LUXOR (2); 19,056 tons D/W;	Built/bought 1960; sold 1973	Sold toSingapore interests. Renamed Cherry Prince

LUCIGEN	(2)	19,320 tons D/W; Built/bought 1962; sold 1976; Sold to Liberian interests.

LUSTROUS (3)	24,507 tons D/W; Built/bought 1968 ; sold 1977 ; Sold to Vardiyanis Group for Saudi Arabian trading. Renamed AL KHAFJI.

LUMINOUS (3) 24,605 tons D/W; Built/bought 1968 ; sold 1977 ; Sold to Vardiyanis Group for Saudi Arabian trading. Renamed AL KHALIJ

LUMEN (4) 24,950 tons D/W; Built/bought 1971 ; sold 1977 ; Sold to Vardiyanis Group for Saudi trading. Renamed AL DAMMAM 1.

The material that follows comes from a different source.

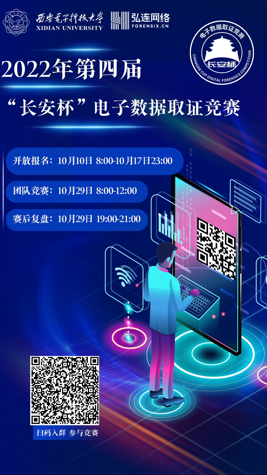 为促进电子数据取证相关专业人才培养工作,提高电子数据取证能力和水平,推动电子数据侦查取证技术的发展,由西安电子科技大学主办的第四届“长安杯”电子数据取证竞赛拟于2022年10月29日举行。为防控疫情,本届竞赛将在线上进行。参赛选手将对模拟的真实案例进行电子数据调查取证,全面考核选手电子数据取证的综合素质和能力。本赛事旨在以赛促学、以赛代练,同时选拔优秀专业人才。

LUMINETTA (2)	24,950 tons D/W; Built/bought 1972 ; sold 1990

LUMIERE 24,950 tons D/W; Built/bought 1972 ; sold 1992 or later

LUCELLUM	(5)	39,230 tons D/W; Built/bought 1975 ; sold 1978 ; Sold to Gran Colombiana

LUCERNA	(5)	39,230 tons D/W; Built/bought 1976 ; sold 1989


----------



## cap0557

Brilliant, many thanks Hugh

Chris


----------



## Pat Thompson

Greetings,

There wasw also the Lucerna 1952-1964 which is right on the edge of your time window. She was built by Smiths Dock and completed in September 1952 and sold in 1964 becoming Aesopos for Marguardia Cia Naviera SA, Piraeus and again in 1966 to Agenor Sg Co Ltd, Famagusta although she retained the name. She was broken up at Split 1.1.70 [Brodospas] following a main Engine failure in June.69. My (Step) Dad, Jack Hutchinson was Chief Officer of her in the mid late 1950s


----------



## R798780

There were 2 tankers sold in 1964, Lustrous and Lucerna, but I only recall Cunard taking over 3, Lucellum, Luxor and Lucigen. Moss Tanker fleet (the rest) follows


----------



## R798780

H E MOSS & COMPANY


LUMEN (1) DWT 3,825; Bought 1888; Sold 1924; Sold to Harris & Dixon Renamed IVOR May 24 Sank September 1924.

ARAL (1891) DWT 4,420; Bought 1908; Sold 1928; Sold to Wards for scrap.

ASTRAKHAN (1892) DWT 5,170; Bought 1908; Sold 1929; Sold to Germany.

LUCERNA (1) DWT 7,380; Bought 1896; Sold 1896;	

LUCIGEN (1) DWT 7,176; Bought 1909; Sold 1939; Sold to Admiralty for use as storage vessel at Lagos. Towed to sea and sunk.

LUCELLUM (1) DWT 7,190; Bought 1912; Sold 1913; Sold to French Govt. Renamed GIRONDE.

LUCELLUM (2) DWT 7,190; Bought 1913; Sold 1936; Scrapped (Rijsolijks) .

LUMINA (1) DWT 8,735; Bought 1915; «.—	Torpedoed and sunk Mediterranean

LUMINA (2) DWT 8,607; Bought 1916; Sold 1935; Scrapped (Bolkow) .

LUCERNA (2) (1892) DWT 4,928; Bought 1918; Sold 1930; Bought from Tamplin; Sold to Ghiradi, Italy Renamed GUISEPPE GHIRADI.

LUMINOUS (1) (1913)DWT 7,290; Bought 1923; Sold 1938; Bought from Gow Harrison (Vitruvia) Sold to Pallas Co . Greece

LUMEN (2) DWT 9,63 Bought 1925; Sold 1942; Sold to Admiralty. Renamed EMPIRE LIGHT. Torpedoed 1943.

LUMINETTA (1) DWT 9,900; Bought 1927; Sold 1952; Sold to Vi valet, S.A. Panama. Renamed LUMINA.

LUNULA DWT 10,091; Bought 1927; Lost 1941; Mined at Thame shaven 22.2.1941.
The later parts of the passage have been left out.